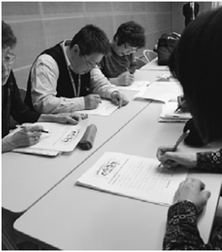
主婦の声を政治に

主婦の会は6月11日 補者のみなさんに届け(金)におこなわれる ようと集めています。「かあちゃん集会」に 「父ちゃんに仕事を!」に向けて各支部で「わたしたちのねがい」を書いてもらって主婦の声を参議院選挙の予定候補者
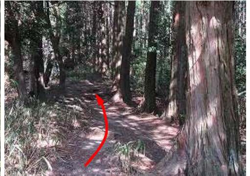
縦走路を北西へ向かう。
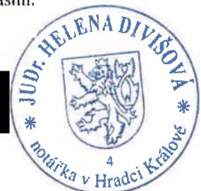
notářský kandidát pověřený notářem
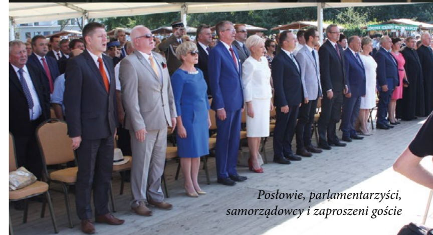
Posłowie, parlamentarzyści, samorządowcy i zaproszeni goście
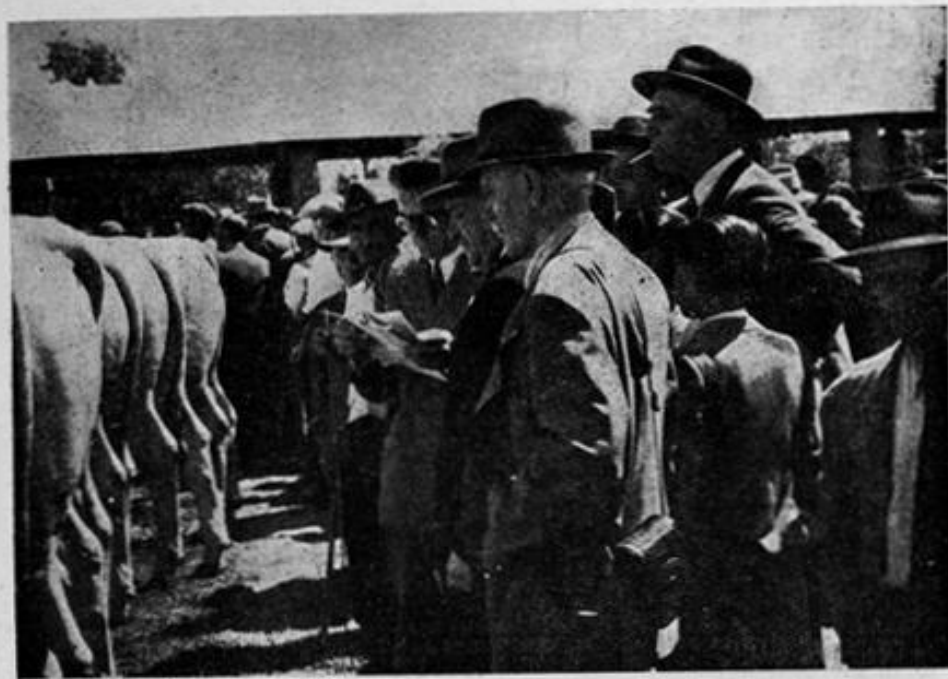
L'Alto Commissario per l'Alimentazione prof. V. Ronchi esamina i soggetti in concorso.

Eccezionale è stato il numero dei soggetti presentati (141 maschi e 41 femmine su 158 e 42 iscritti rispettivamente) essendosi superati tutti i precedenti mercati, ed eccezionale è stata anche l'affluenza di allevatori di numerose provincie centro meridionali, pubblico, tecnici ed autorità, il che sta a confermare che il Mercato di Montepulciano è una delle manifestazioni di primissimo piano nel campo zootecnico nazionale.
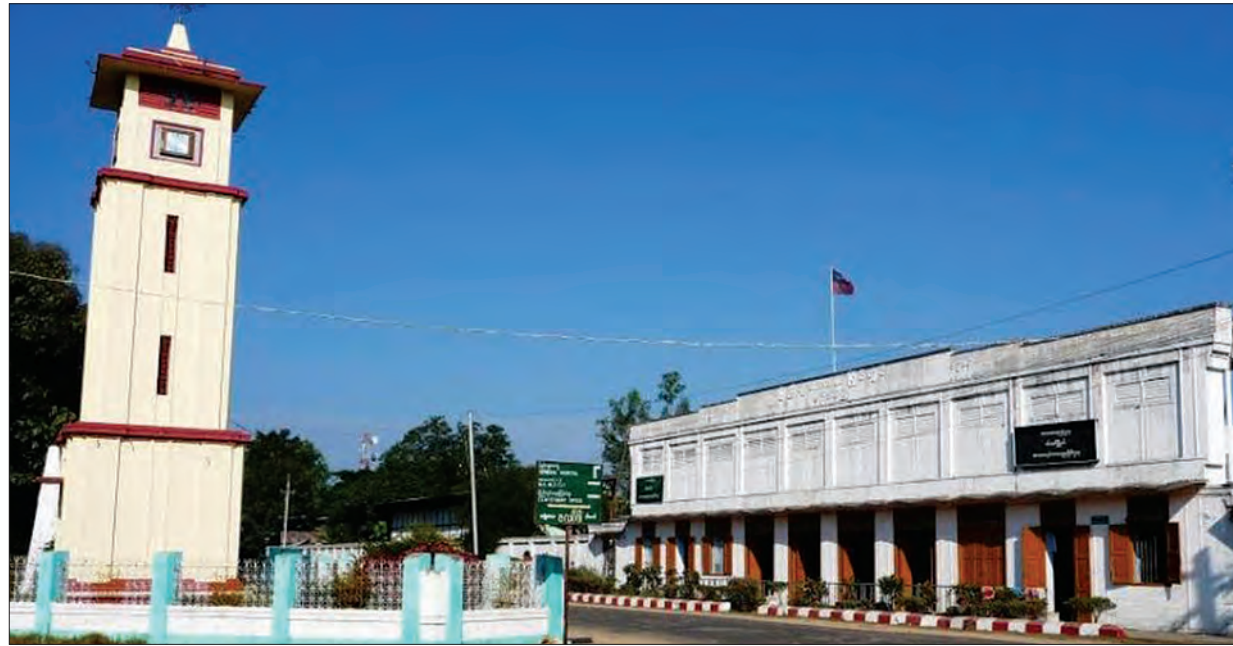
ပန်းမော်မြို့တွင်း တစ်နေရာအား တွေ့ရစဉ်

ကျွန်တော်တို့ပန်းမော်မြို့ရဲ့ကျက်သရေဆောင် ရွှေသိမ်တော်စေတီကို သွားရောက်ဖူးမြော်ခဲ့ကြတယ်။ ရွှေသိမ်တော်စေတီဟာ ခေါင်းလောင်းပုံသဏ္ဍာန်ရှိပြီး ထူးထူးခြားခြားတည်ထားခြင်းဖြစ်လို့ စိတ်ဝင်စားစရာပါပဲ။ ရွှေသိမ်တော်စေတီဟာ ပန်းမော်စော်ဘွားနေမျိုးမင်းလှဘွဲ့ခံ ဦးကံဟာ တရုတ်နိုင်ငံအပြန် ၁၇၉၄ ခုနှစ်က တရုတ်ခေါင်းလောင်းပုံသဏ္ဍာန်စေတီတစ်ဆူကို တည်ထားကိုးကွယ်လိုတဲ့ ဆန္ဒပြင်းပြတာမို့ အဲဒီနှစ်မှာပဲ ရွှေသိမ်တော်စေတီကို တည်ထားကိုးကွယ်ခဲ့ခြင်းဖြစ်ပါတယ်။ လုံးတော်ပြည့် ရွှေချထားတာမို့ ကြည့်ညိသပွယ်စရာကောင်းတဲ့စေတီဖြစ်ပြီး အဝေးက လှမ်းမျှော်ဖူးလို့လည်း မြင်တွေ့ရတဲ့ စေတီဖြစ်ပါတယ်။
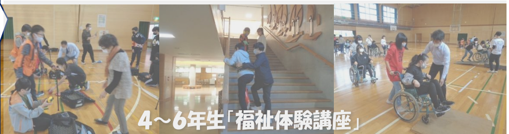
4～6年生「福祉体験講座」

車椅子の乗車やサポート、装具を使った手足や耳・目の不自由さを体験しました。ちょっとした段差やスロープでもかなり不便だと実感しました。
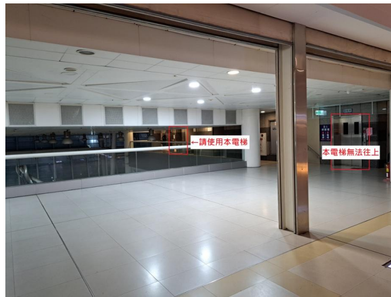
4. 如需使用電梯，請搭乘右側第二台電梯
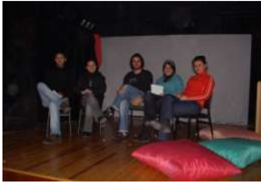
Abb.3: Gruppenmitglieder erarbeiten Themen
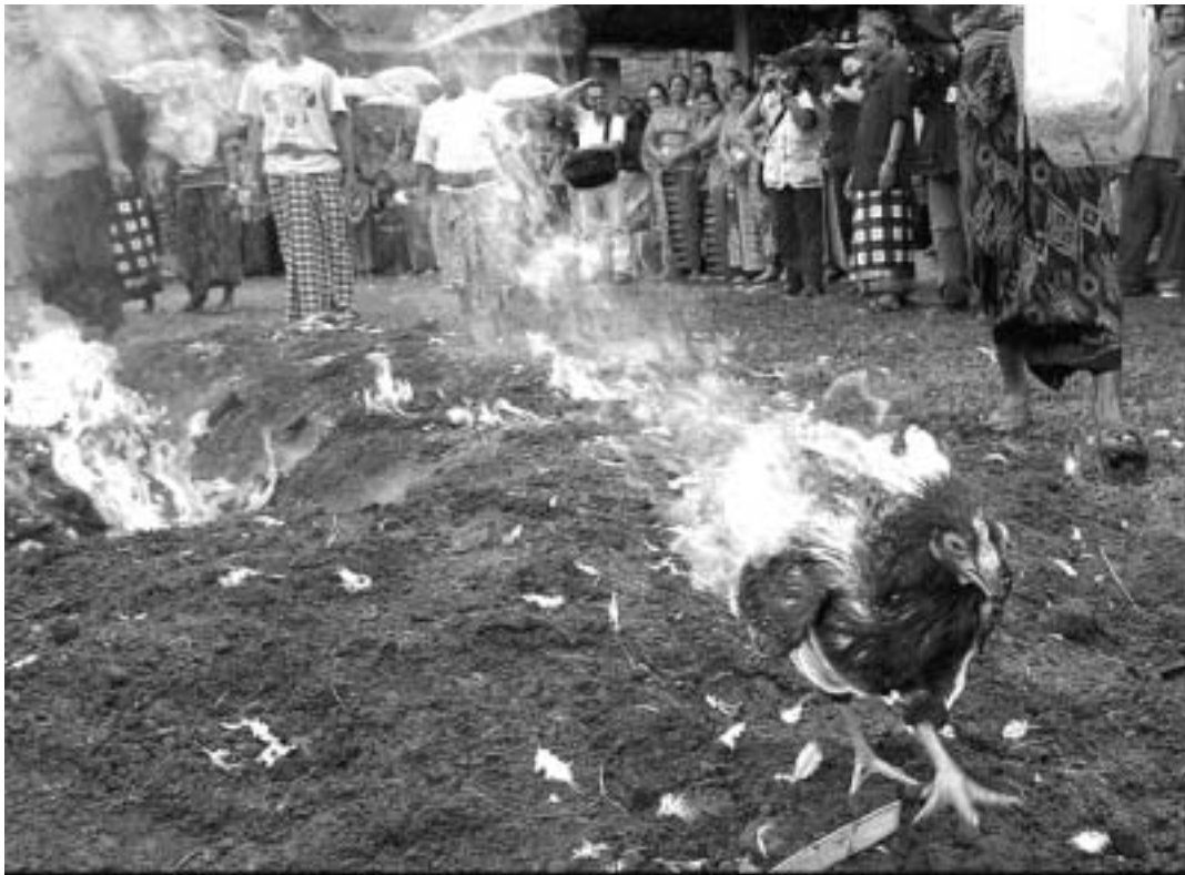
Poules et poulets brûlés vifs en Asie pour éviter une humanisation de l'épidémie de grippe aviaire.

§ §

→ What to work on
Pictures excluded, repeat the material above from its first line through the line containing "ပန်းမော်မြို့တွင်း တစ်နေရာအား တွေ့ရစဉ်", both included.

→ Answer to this problem
主婦の声を政治に

主婦の会は6月11日 補者のみなさんに届け(金)におこなわれる ようと集めています。「かあちゃん集会」に 「父ちゃんに仕事を!」に向けて各支部で「わたしたちのねがい」を書いてもらって主婦の声を参議院選挙の予定候補者
縦走路を北西へ向かう。
notářský kandidát pověřený notářem
Posłowie, parlamentarzyści, samorządowcy i zaproszeni goście
L'Alto Commissario per l'Alimentazione prof. V. Ronchi esamina i soggetti in concorso.

Eccezionale è stato il numero dei soggetti presentati (141 maschi e 41 femmine su 158 e 42 iscritti rispettivamente) essendosi superati tutti i precedenti mercati, ed eccezionale è stata anche l'affluenza di allevatori di numerose provincie centro meridionali, pubblico, tecnici ed autorità, il che sta a confermare che il Mercato di Montepulciano è una delle manifestazioni di primissimo piano nel campo zootecnico nazionale.
ပန်းမော်မြို့တွင်း တစ်နေရာအား တွေ့ရစဉ်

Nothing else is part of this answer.